Lack of interest sees Australian super-fund drop green investment

New investment option to shun guns, pornography and tobacco

NGS Super, the Australian super-fund, says it is turning away from its environmentally focused investment option and starting a socially responsible fund after its investors showed little interest in going green.

NGS Super, which has A$5.5 bn ($5.08 bn) in assets under management, underwent a consultation with its investors after the failure of its venture into environmentally responsible investment options and found they preferred a socially focused option. The new fund will steer clear of investments in armaments, pornography and tobacco.

‘Our green shares are our least subscribed option,’ NGS Super chief executive Anthony Rodwell-Ball explains, as quoted by the Financial Standard newspaper. ‘Of A$5.5 bn, we have only $22 mn in the green shares option. It’s been a matter of considerable interest to us for a number of years.’
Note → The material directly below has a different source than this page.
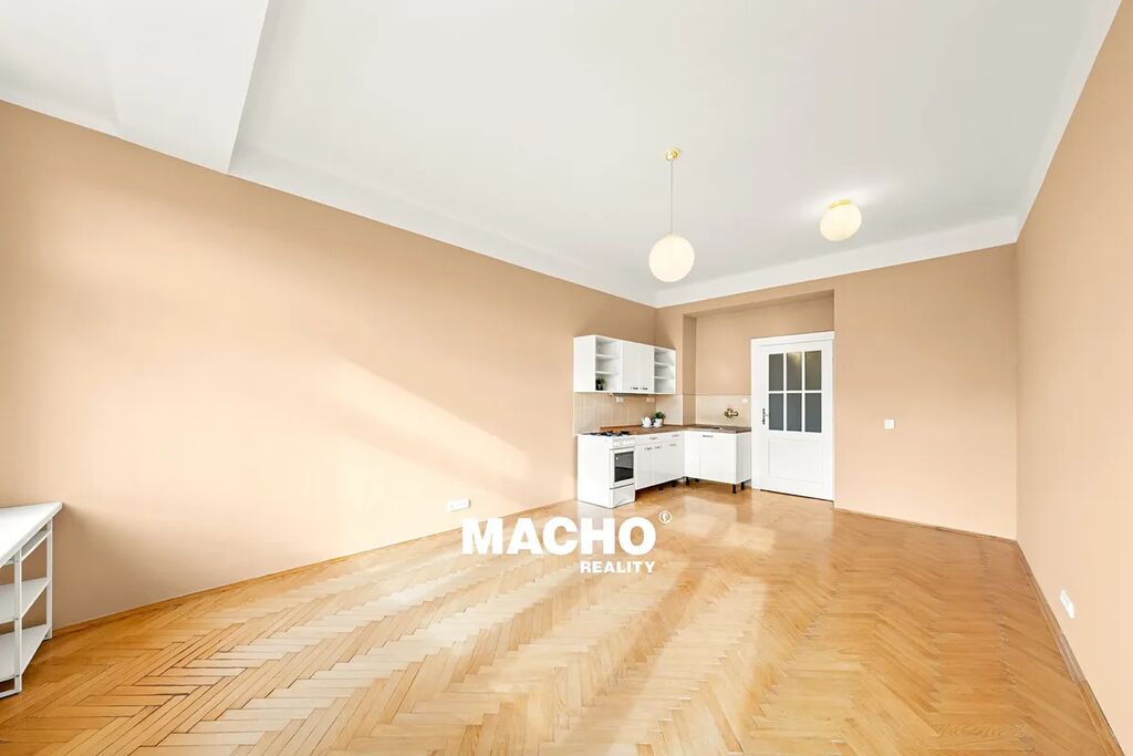Byt má krásné parkety, vysoké stropy a je vytápěn vlastním plynovým kotlem (ohřev vody i topení).

Besides the focus on a different area of investment, Rodwell-Ball says the socially responsible option will be much more diverse than its green counterpart and less volatile as a result. While NGS Super investors generally support environmentally focused initiatives, the fund’s green investments have proven much more volatile than many expected, Rodwell-Ball adds.

‘Members are not silly – they see volatility and they understand the underlying risk, and therefore they vote against it, because they know their hard-earned dollars need to stretch a long way in retirement,’ Rodwell-Ball told the paper. He said NGS Super, which mainly serves non-government education and community-focused organizations, expects the new investment option to attract more than double the level of interest its green option attracted.

The company, which is a signatory to the United Nations Principles for Responsible Investment, the Carbon Disclosure Project and the Investor Group on Climate Change, emphasizes its focus on the environment in its materials for investors, saying it seeks ‘investments that consider environmental, social and governance principles’.